For 1,3-butylene glycol and glycerin, the weight ratio of 1,3-butylene glycol to glycerin was 90:10, 95:5, 99:1, 99.1:0.9, 99.4:0.6. A mixture was prepared.
Using the above mixture of 1,3-butylene glycol and glycerin, Production Examples 23 to 27 were prepared as compositions with a polymer containing a cationic group, as shown in Table 6 below. BG in the table has the same meaning as 1,3-butylene glycol.

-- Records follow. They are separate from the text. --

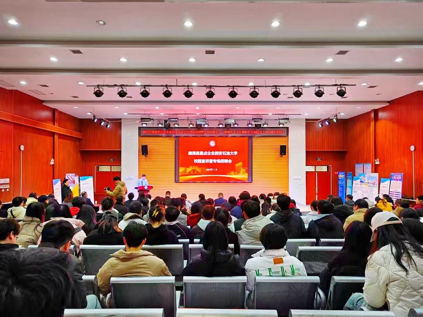 3月5日上午,建湖縣重點(diǎn)企業(yè)西安石油大學(xué)校園宣講暨專場招聘會(huì)在我校鄠邑校區(qū)崇文樓118報(bào)告廳舉辦。來校招聘期間,副校長趙健會(huì)見了建湖縣人力資源和社會(huì)保障局副局長韓建軍一行,雙方就深化校地、校企產(chǎn)學(xué)研合作進(jìn)行了交流會(huì)談。我校就業(yè)創(chuàng)業(yè)指導(dǎo)中心主任王亮出席招聘啟動(dòng)儀式并致辭,就業(yè)創(chuàng)業(yè)指導(dǎo)中心全體工作人員,2025屆畢業(yè)班輔導(dǎo)員,畢業(yè)生代表300余人參加會(huì)議。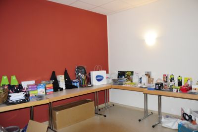 Hier warten die Preise der Tombola auf die Verlosung.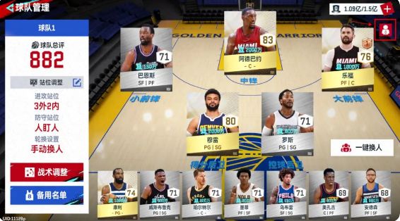 一支队伍一共12名球员,每名球员都有资金的薪资,点击如果你组建的球队,工资帽不符合要求,可以在天梯赛界面点击“球场”按钮,快速进入球队管理界面。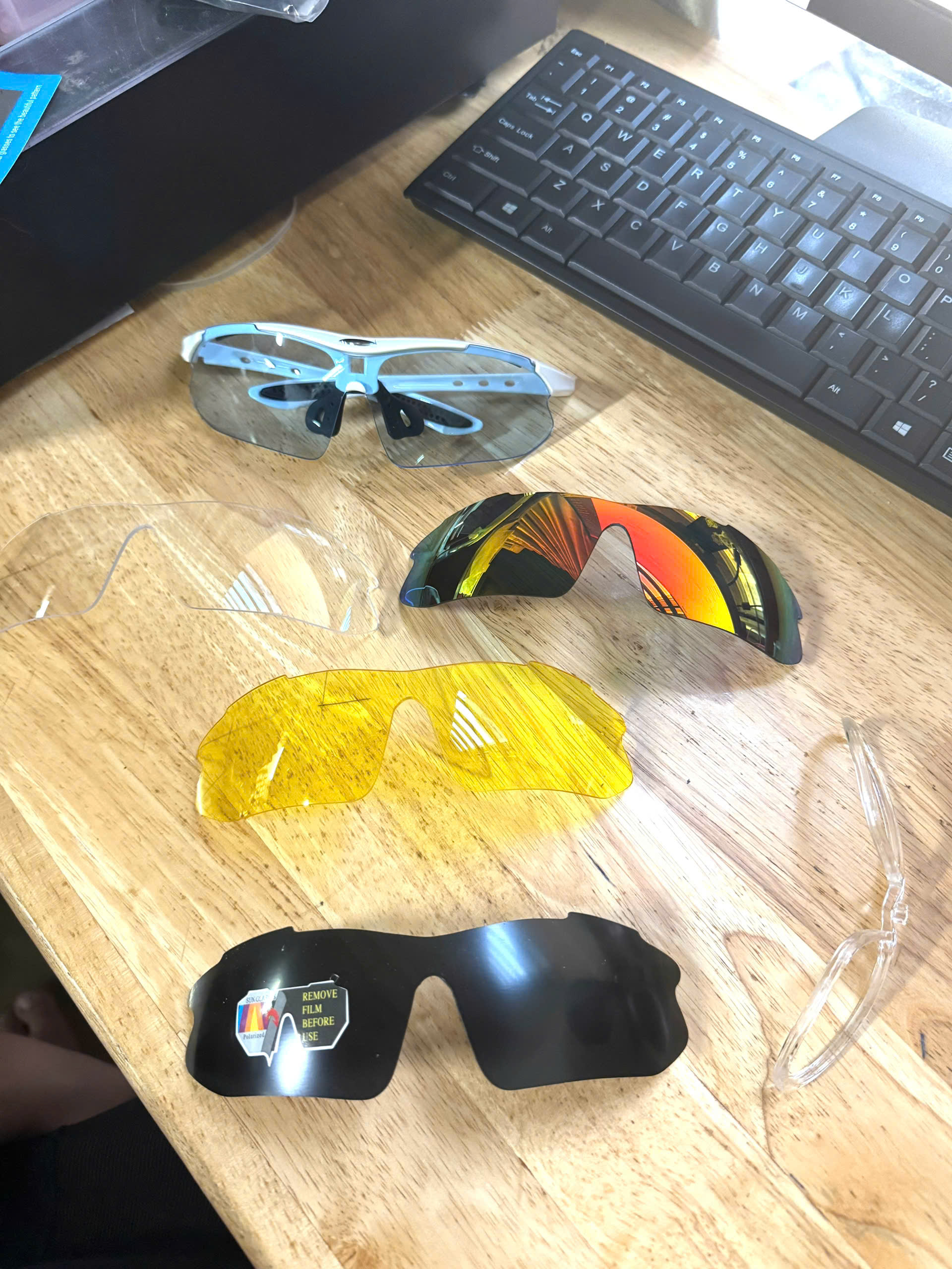 Bộ kính thể thao pickleball trong nhà/ ngoài trời 5 tròng mắt. Bộ kính bao gồm mắt đen phân cực, mắt phản quang chống chói, mắt vàng đi tối, chống sương…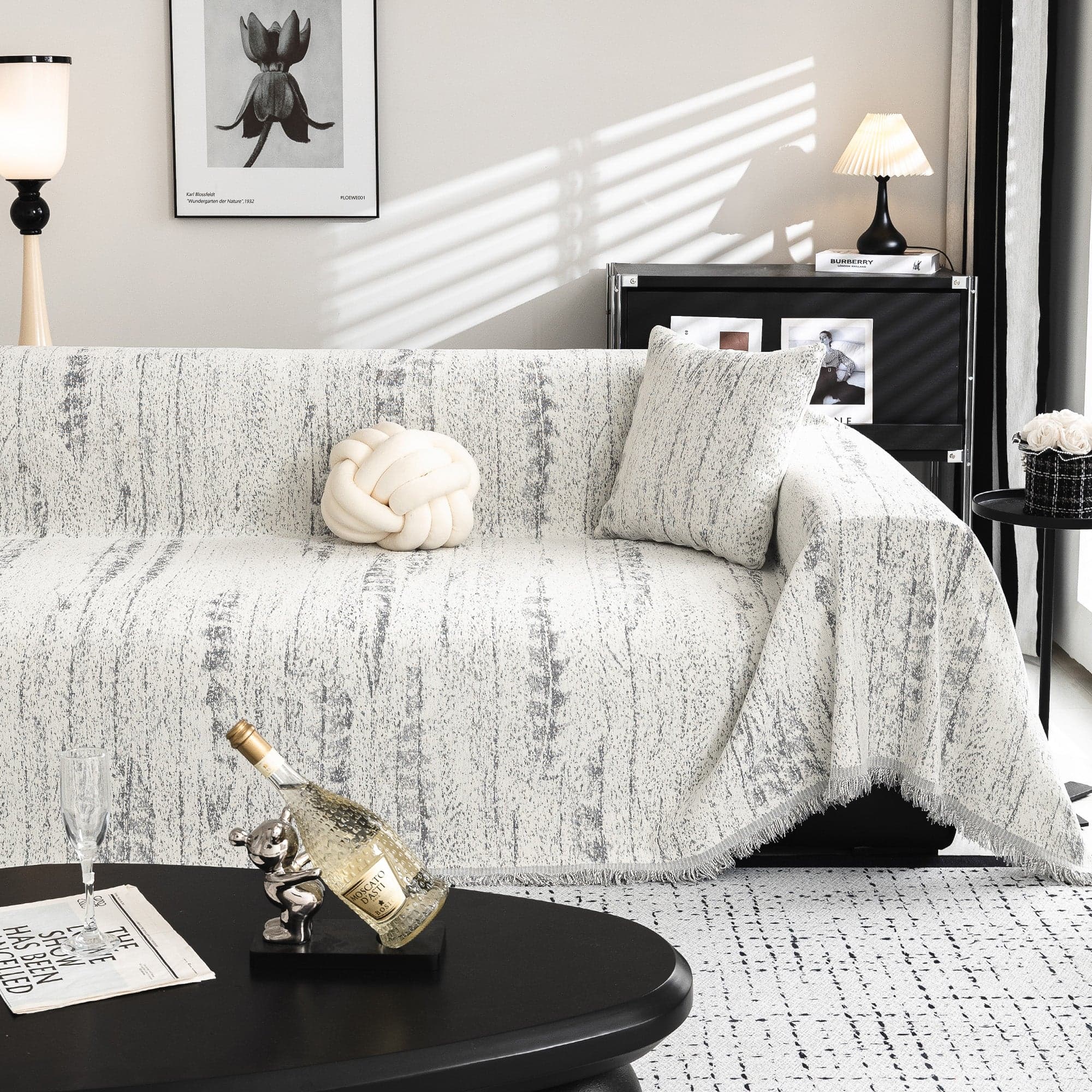Enhance your sofa's look with the Slashop Contemporary Canvas Sofa Cover in an Oyster Shell shade.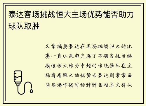 泰达客场挑战恒大主场优势能否助力球队取胜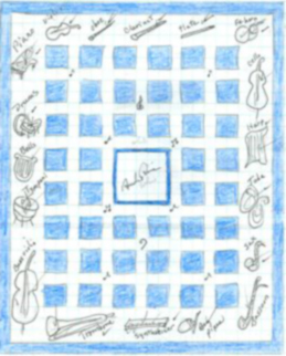 center square with Andre’s name. It looked kind of plain, so I drew orchestra instruments around the border. I have a

As shown in Table 6, a mixture of 1,3-butylene glycol and glycerin was used, and Production Examples 23 to 27 using a polymer containing a cationic group were O/W emulsion formulations. It was found to have good properties and excellent storage stability. As for the feeling during use, it was as good as Production Example 12 and Comparative Production Example 5 without stickiness.

<Raw materials used>
*1 Citric acid monohydrate (manufactured by Fujifilm Wako Pure Chemical Industries, Ltd.)
*2 Musashino Lactic Acid 50F (manufactured by Musashino Chemical Laboratory)
*3 Phosphoric acid (manufactured by FUJIFILM Wako Pure Chemical Industries, Ltd.)
*4 Succinic acid (manufactured by Fujifilm Wako Pure Chemical Industries, Ltd.)
*5 DL-malic acid (Fujifilm Wako Pure Chemical Industries)
*6 Cherest 210SD (manufactured by Cherest)
*7 L(+)-ascorbic acid (manufactured by FUJIFILM Wako Pure Chemical Industries, Ltd.)
*8 (±)-mandelic acid (manufactured by Fujifilm Wako Pure Chemical Industries, Ltd.)
*9 L-glutamic acid (manufactured by Fujifilm Wako Pure Chemical Industries, Ltd.)
* 10 L-aspartic acid (manufactured by Fujifilm Wako Pure Chemical Industries, Ltd.)
*11 L(+)-tartaric acid (manufactured by Fujifilm Wako Pure Chemical Industries, Ltd.)
*12 50% phytic acid solution (manufactured by Fujifilm Wako Pure Chemical Industries, Ltd.)
*13 L-serine (manufactured by Fujifilm Wako Pure Chemical Industries, Ltd.)
*14 Taurine (manufactured by Fujifilm Wako Pure Chemical Industries, Ltd.)
*15 1,3-butylene glycol-P (manufactured by KH Neochem)
*16 Concentrated glycerin for cosmetics (manufactured by Sakamoto Yakuhin Kogyo Co., Ltd.)
*17 Sunsoft α-C (manufactured by Taiyo Kagaku Co., Ltd.)
* 18-CEH (manufactured by Kokyu Alcohol Kogyo Co., Ltd. * 19-Olive squalane (manufactured by Kokyu Alcohol Kogyo Co., Ltd.)
* 20-KF-96A-100CS (manufactured by Shin-Etsu Chemical Co., Ltd.)
* 21-TAISET 50-C (manufactured by Taiyo Kagaku Co., Ltd.)

Claims (6)

A polymer (A) having a structural unit derived from a cationic group-containing monomer and a structural unit derived from a hydrophobic monomer, and an acid, wherein the total amount of acid per 1 mol of the cationic group is 0.10 mol. % or more and 1.50 mol % or less. The proportion of structural units derived from cationic group-containing monomers relative to 100 parts by mass of the polymer is 50% by mass or more and 95% by mass or less, and the proportion of structural units derived from hydrophobic monomers is 5% by mass or more and 50% by mass. % or less. The acid is one or more compounds (B) selected from the group consisting of phosphoric acid, multiple carboxy group-containing compounds, multiple phosphoric acid group-containing compounds, hydroxycarboxylic acid group-containing compounds, amino acid derivatives and ascorbic acid. 3. A composition according to claim 1 or 2. The composition according to any one of claims 1 to 3, which contains a nonionic additive. A cosmetic using the composition according to any one of claims 1 to 4. a step of polymerizing a cationic group-containing monomer and a hydrophobic monomer; and a step of adding an acid to the polymer (A) obtained by the above steps. A method for producing a composition in which the total amount of is 1.50 mol % or less.